Related-Party Transactions and Conflicts
- The company reports no related-party transactions requiring disclosure since the start of the last fiscal year (Item 404(a) screening).
- Corporate policy prohibits director hedging/pledging; service-on-other-boards limits and change-in-circumstances notifications are codified, reducing overboarding and conflict risks.
Say-on-Pay & Shareholder Feedback (Context)
- Say-on-Pay support at the 2024 Annual Meeting: 93.0%; committee took support as affirmation of pay program and made no changes in response.
Governance Assessment
- Strengths: Independent status; service on Corporate Governance & Nominating Committee; strong attendance culture (≥91% for each director in 2024); independent Chair with regular executive sessions; robust anti-hedging/pledging and stock ownership guidelines; no related-party transactions disclosed.

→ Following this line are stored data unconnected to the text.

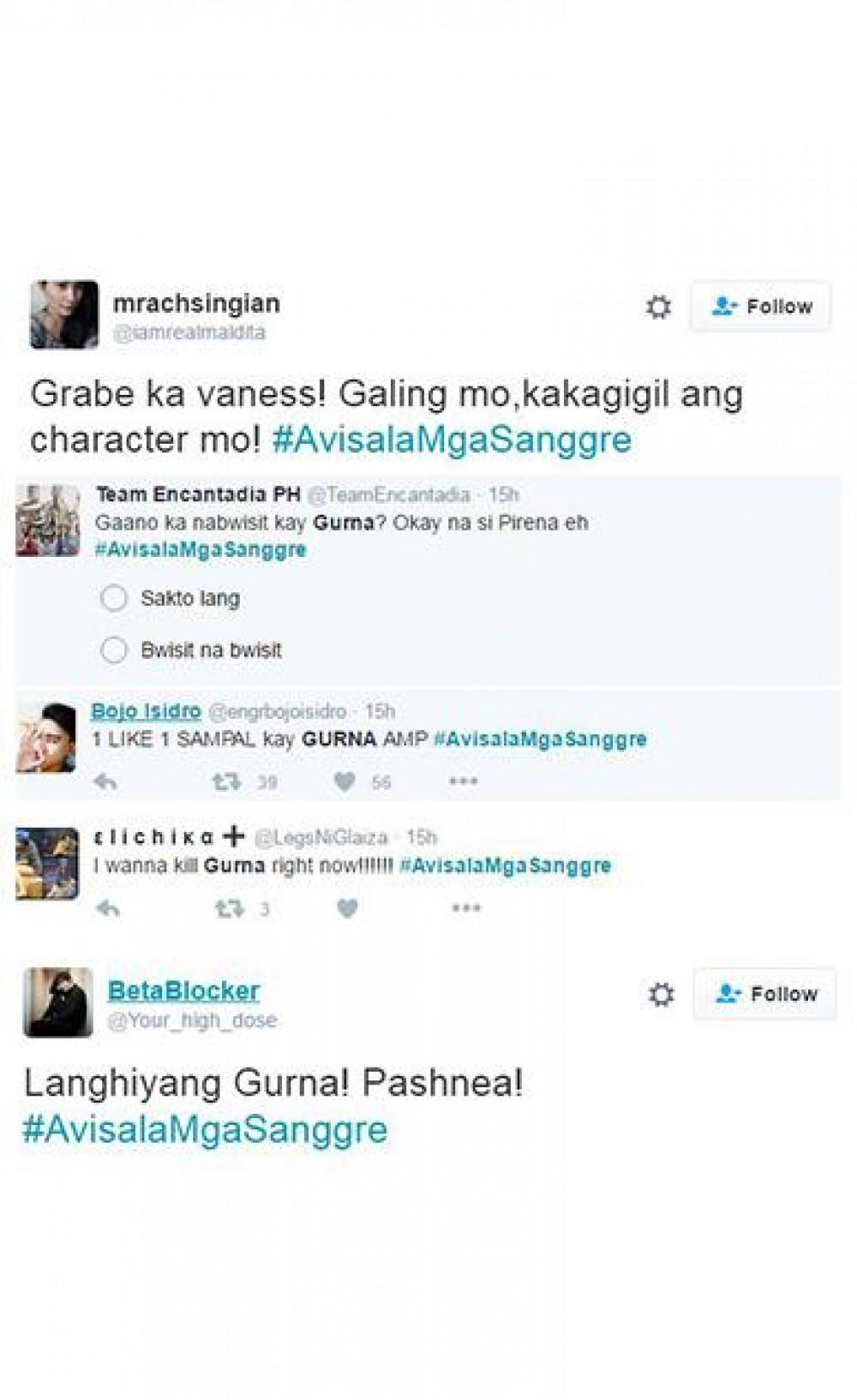 Dahil sobrang effective ng acting ni Vaness sa kanyang character, hindi napigilan ng viewers na kasuklaman ang role niyang si Gurna. Narito ang ilang tweets ng netizens:
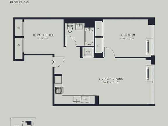 The D-line is a nicely renovated 1BR + home office layout with a queen-sized bedroom, a home office that can be used as a second queen-sized bedroom, a beautiful open high-end kitchen, large common area, in-unit washer/dryer and plenty of closet space.
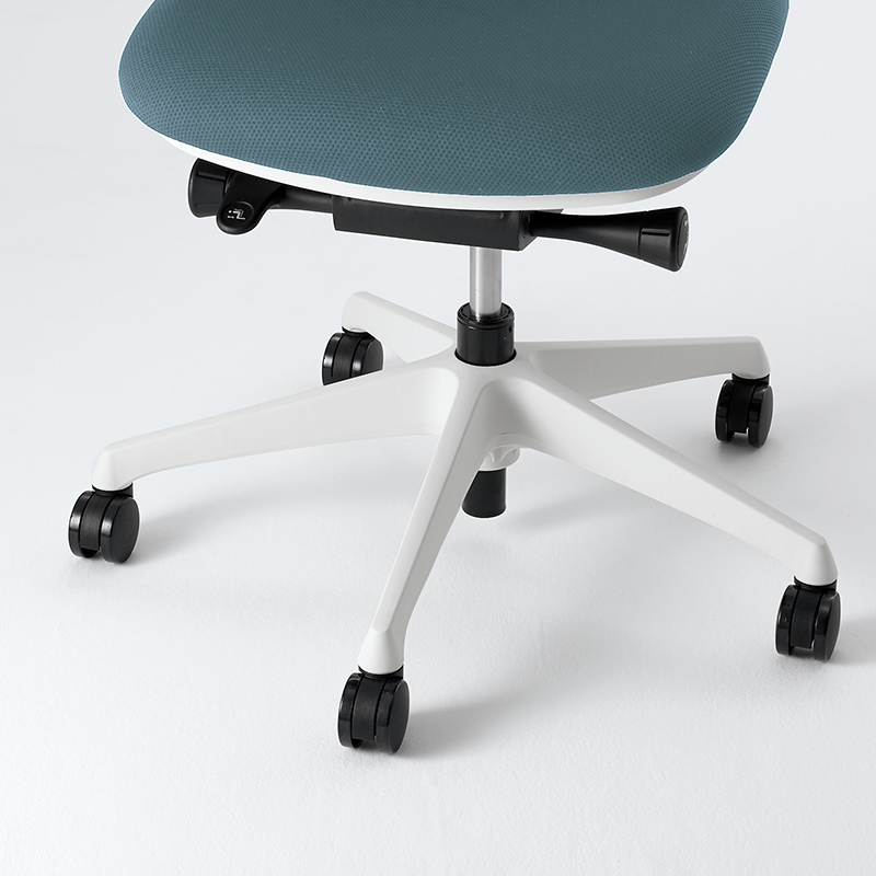 座面左下のダイヤルでリクライニングの固定と解除が行えます。背と座はシンクロしてリクライニングし、従来の直立から後傾までのリクライニングに加え、パソコン作業や筆記作業時の前傾姿勢をサポートする「前傾ポジション」をとることが可能です。

Her election to receive stock in lieu of cash and director RSUs increases alignment with shareholders.
- Potential watch items: Relatively short TSCO board tenure (joined 2023) implies ongoing ramp-up; however, impending retirement from Food Lion (May 2025) could increase available capacity for Board work. No interlocks or conflicts identified.
Overall signal: Positive governance profile with strong alignment and low conflict risk; operational retail expertise is additive to TSCO’s strategy and oversight needs.